RECORDS FOR PROCESSING:
↓

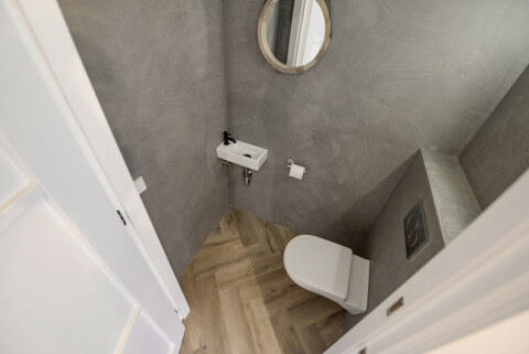 Entree via de begane grond, ruime hal met toilet, inbouwkast en wasruimte.
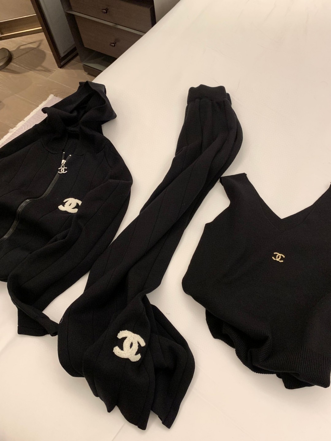 这款衣服是AAAAA 1:1 质量 (非常棒). 使用了和原版一模一样的材料. 商标部分也保持了和香奈儿/Chanel一样. 图片拍摄是实物衣服拍摄, 您所收到的实物保证和我们图片一模一样.
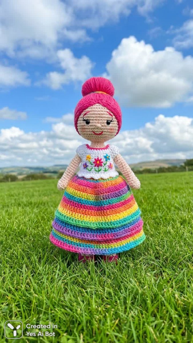 crocheted doll with pink hair styled in a bun, wearing white top with colorful flower patterns, long skirt made of layered rainbow yarn, cheerful expression on face, standing on a grassy field, BG features a blue sky with fluffy white clouds.
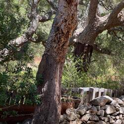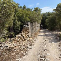 Der Weg nach unten ist etwas besser. Wir folgen dafür einem Wanderweg der nach Bonifacio führt. Relativ hohe Steinmauern, die teilweise eingestürzt sind, säumen ihn. Sie halten wohl die lästigen Wanderer von den Korkeichen auf der anderen Seite fern.
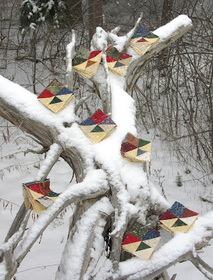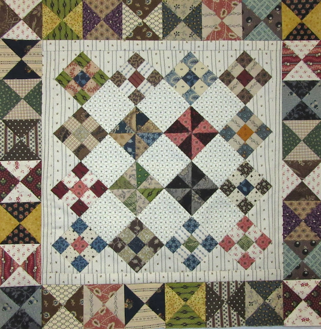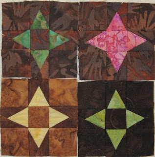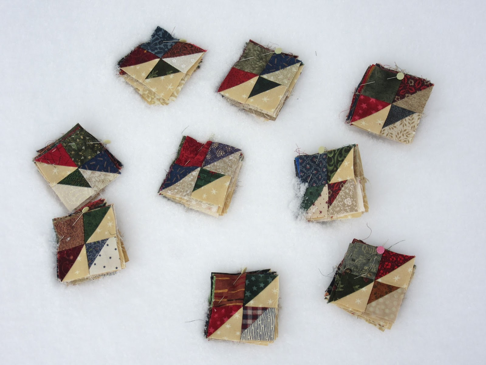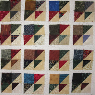 Here are my 28 hourglass blocks from last week's step. They aren't as scrappy as I would like because I used the traditional method of making QSTs (start with squares, draw a diagonal line and sew both sides of the line, etc.) which makes two identical blocks.
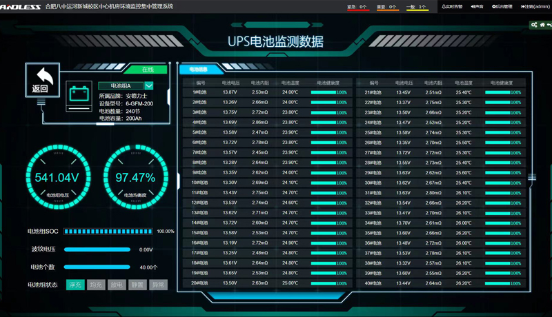 近期我司為合肥八中運河新城校區機房提供並安裝一套雙排微模塊係統及200AH安德力士鉛酸蓄電池240節為UPS提供供電保障,機房動環係統現已調(diào)試完成。
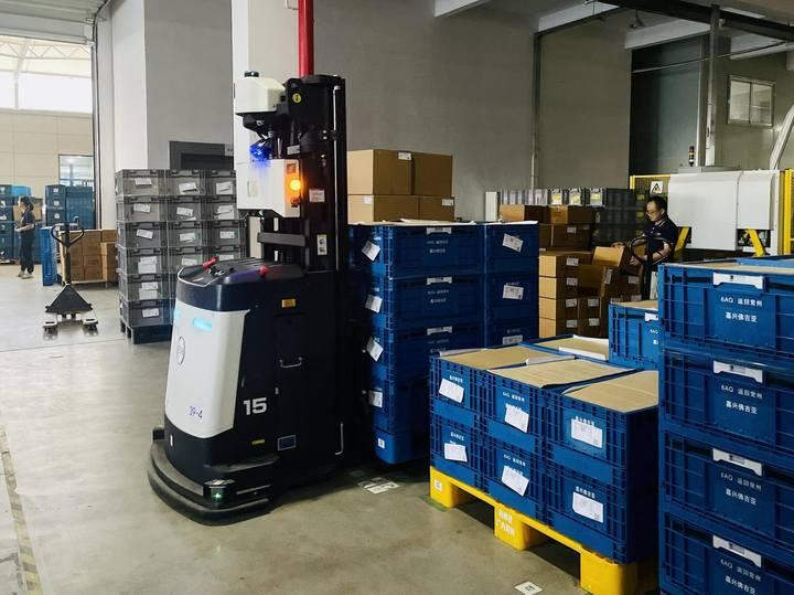 利佛德公司内,智能化叉车正在进行搬运作业。(奚悦 摄)
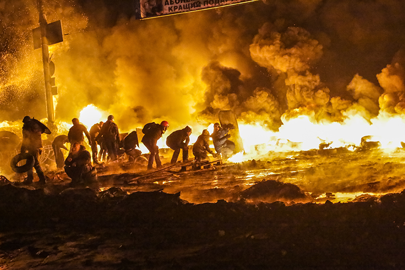 Ко второй половине февраля противостояние протестующих с милицией в центре Киева перерастает в уличные бои.
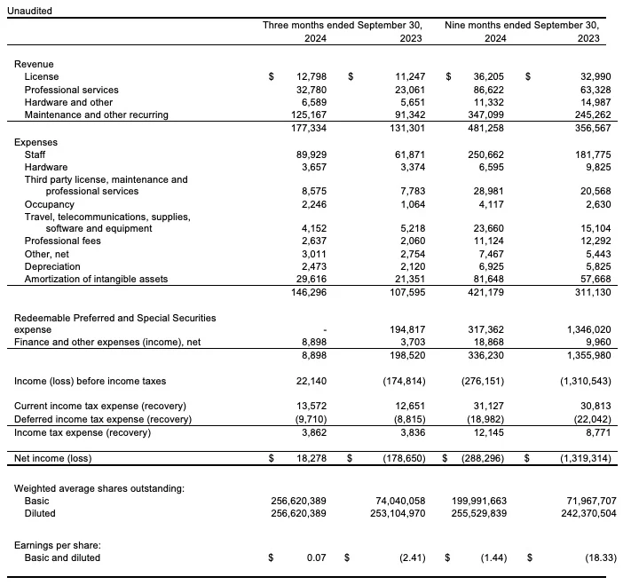 Lumine Group Inc. Announces Results for the Three and Nine Months Ended September 30, 2024
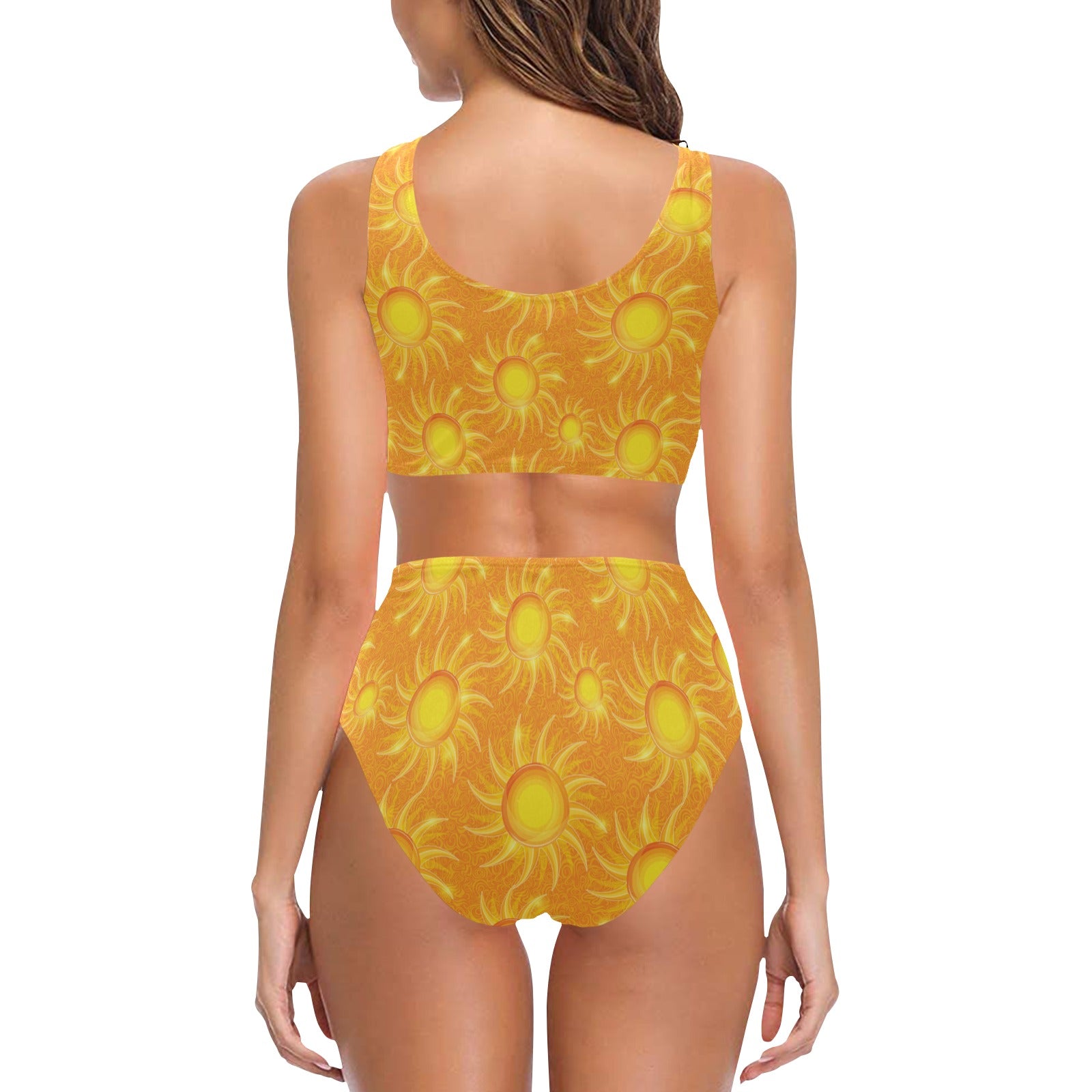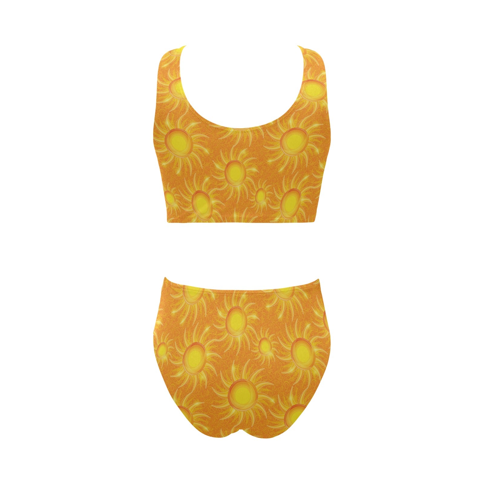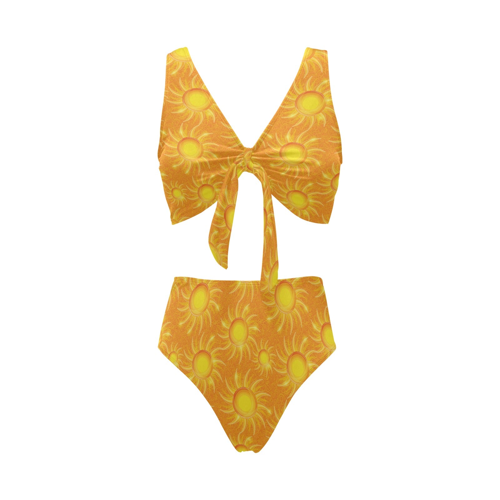 Sun orange background Chest Bowknot High Waisted Bikini Swimsuit

↑

TASK OBJECTIVE: Set down, word for word, only the lines running from the line with "Lumine Group Inc." through the final line of the entries above, omitting all pictures.

WRITTEN REPLY:
 Lumine Group Inc. Announces Results for the Three and Nine Months Ended September 30, 2024
 Sun orange background Chest Bowknot High Waisted Bikini Swimsuit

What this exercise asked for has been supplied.